A tour of the palatial ISB campus explains these results. The school, set amid sprawling lawns and fountains, has high-tech gadgets and facilities that public-school principals in America can only dream about. More than 1,700 students (K-12) have access to classrooms with 850 computers; 60,000 books; videos and CDs; a 750-seat theater, and seven illuminated tennis courts.
There are 10 students for every faculty member. The teachers are mostly American, as is the curriculum. Field trips include archaeological digs, a visit to NASA headquarters in the US, or ecotrekking in Bhutan.
"This kind of education is not available to your average kid in the US," says physics teacher Ian Jacobs.
"We just don't see the kinds of problems that are plaguing Western education - violence, truancy, poor discipline," he says. "I wouldn't even know what to do with a student who acted out. It just hasn't happened here."
Little wonder that American universities line up for the chance to recruit students from ISB and international schools like it elsewhere. Graduates here routinely end up at schools such as Yale, Harvard, and MIT.

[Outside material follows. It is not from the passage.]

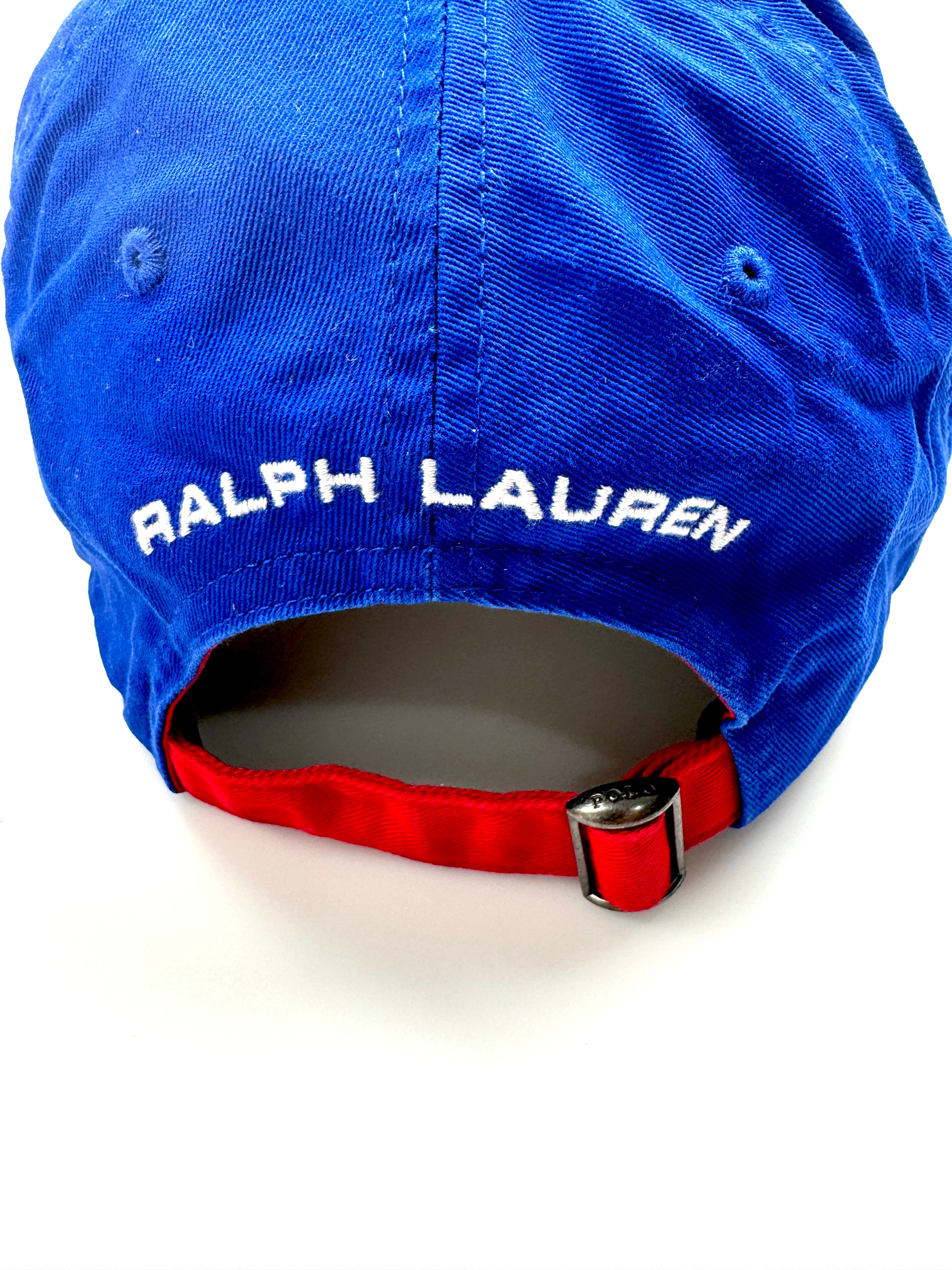 - "Ralph Lauren" embroidery and a slider buckle at the back.

Parents who could not afford to send their children to a school of such caliber in the United States have access to ISB because their employers pay for - or subsidize - education costs as long as the family remains overseas. That fact alone is what keeps many parents on the move.
ISB works hard to ensure that the opulent surroundings do not leave students isolated from the country in which they reside. Each high school student must do at least 40 hours of community service to graduate - and most do more.
The volunteer work in orphanages, slums, and homeless shelters only adds to the perspective these students have already gained simply by attending classes with kids from 50 different countries.
"It is my plan for the future to help spread the knowledge I have acquired," one student wrote to Westgate in his final essay. "If the world understood these [cultural] differences, then there would have been less wars fought in the past and less lives wasted."